My phoenix wings are folded tight against my back. My hands are shaping the last blade in the Ember Court's contribution to the prophecy arsenal. The metal hums under my hammer. The Bloodwork harmonic fills the forge the way it fills every room I enter now—constant, low, the frequency woven into my breathing and my heartbeat and the kick of the child pressing against my ribs.

The child kicks again. Hard. Fire magic pulses through my belly where the tiny foot connects—his fire, carried in the blood I share with the baby, reaching for the Bloodwork harmonic the way it's been reaching since the first weeks. The baby's magic is both. Fire and Bloodwork. Ember and forge. I feel it when I work—a third note in the harmonic, smaller, less certain, learning the frequencies it has been born to carry.

I press my hand to the spot where the foot struck. The baby settles.

"You'll wait," I say. The same voice I use on metal that's not ready to be shaped. Patient. Certain. "I'm finishing something."

Ignatius is at the secondary workbench. He has been there since dawn—bare-chested, fire brands glowing, working a piece of Ember iron into a guard for the last blade. We don't speak while we work. We haven't needed to speak while working since the third day of the forging. His fire magic adjusts to my harmonic and my harmonic adjusts to his fire magic and the loop closes and the metal between us becomes what it is meant to become.

He looks up. His golden eyes find the place where my hand rests on my belly. His fire magic reaches across the forge—not physically, through the bond, through the brands, through the fire-thread in the walls. A pulse of heat that settles against my skin where the baby kicked. Reading. Checking.

"She's fine," I say.

"He."

"We've discussed this."

"And I've told you that the fire magic's frequency indicates?—"

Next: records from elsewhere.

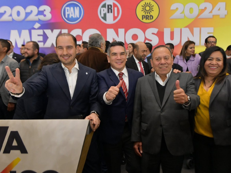 Acompañados por militantes de los tres partidos, Marko Cortés, Alejandro Moreno y Jesús Zambrano informaron que irán en alianza y que será Acción Nacional el encargado de conducir la elección de candidatos para la Presidencia y la Jefatura de Gobierno.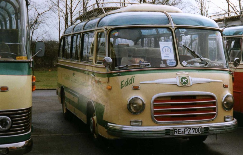 Setra S211 HD, aufgenommen im März 2000 auf dem Parkplatz der Westfalenhallen in Dortmund.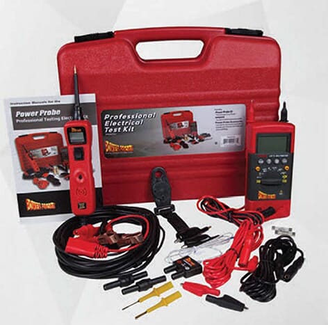 Dette profesjonelle testsettet inneholder Power Probe III kombinert med Power Probe multimeter, CAT-IV 6/JOV Hybrid Safe Digital multimåler. Det medfølger 2 stk. 3 meter målekabler, 2 stk.alligatorklemmer, ekstra 10 Amp sikringer og 600 milliampere sikringer, probe adaptere, og instruksjonshåndbok. Alt i en praktisk koffert.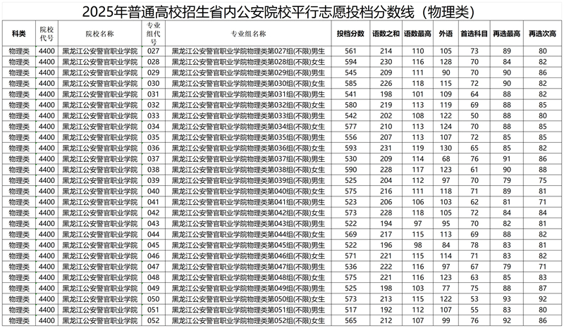 2025年黑龍江省普通高校招生提前批省內(nèi)公安院校于7月17日進(jìn)行平行志愿投檔,現(xiàn)公布院校專業(yè)組投檔分?jǐn)?shù)線。

"You're an ancient Fae king, not a midwife. Finish the guard."

The corner of his mouth moves. Not a smile. The Ember King doesn't smile. The ghost of something that lives in the same place his guilt lives, in the same place the unnamed thing lives, in the deep structure of a male who has been learning, over seven months, that he is allowed to want this.

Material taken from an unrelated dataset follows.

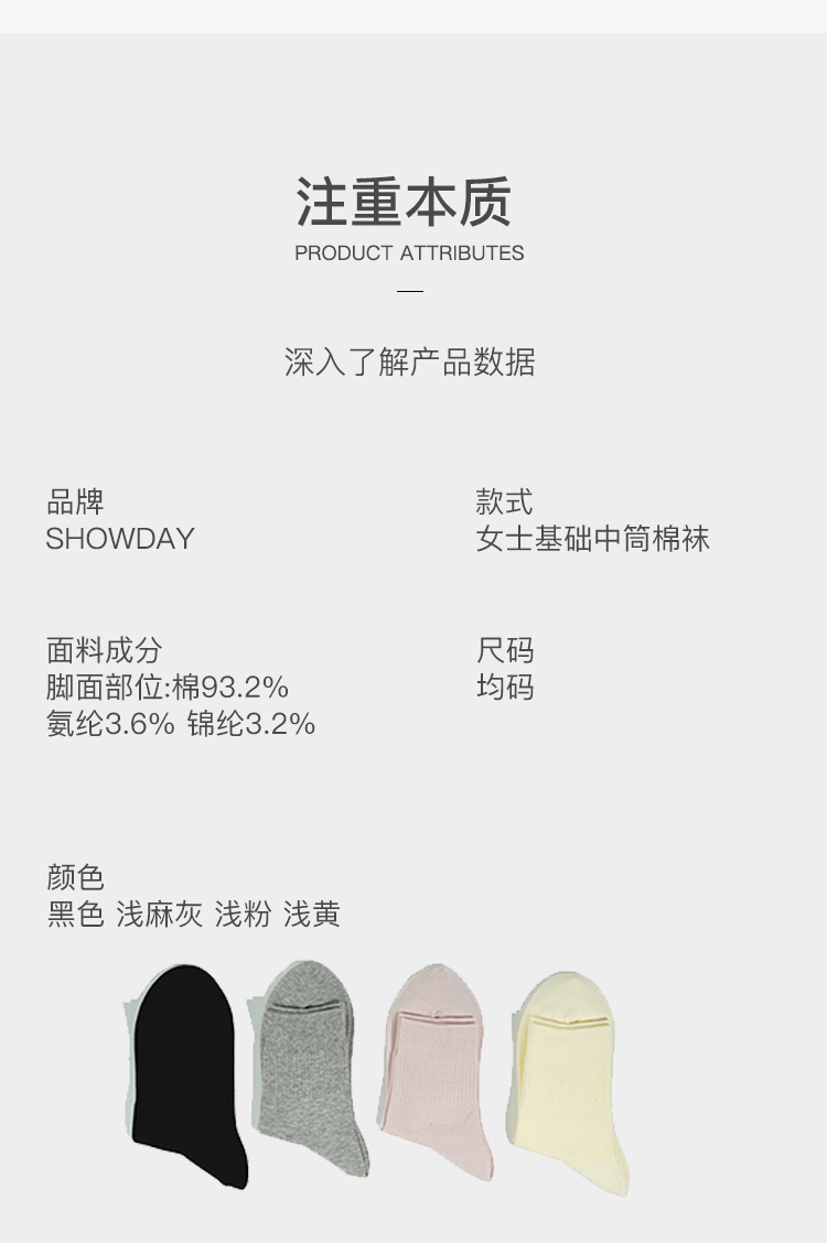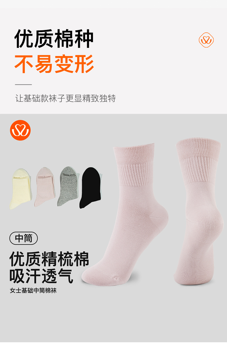 女士基础中筒棉袜

He finishes the guard. Crosses the forge—passing the rack where the first Bloodwork blades hang, the ones I made during the heat, raw and rough and screaming with uncontrolled harmonic. I haven't remade them. They are the record of what I was before I knew what I was. They will stay.

He sets it on the workbench beside the blade I have been shaping. The metal hums—the Bloodwork harmonic welcoming his fire-wrought piece the way it welcomes every piece he makes for me. I fit the guard to the blade. The join is seamless. Fire and blood, fused in the metal's grain.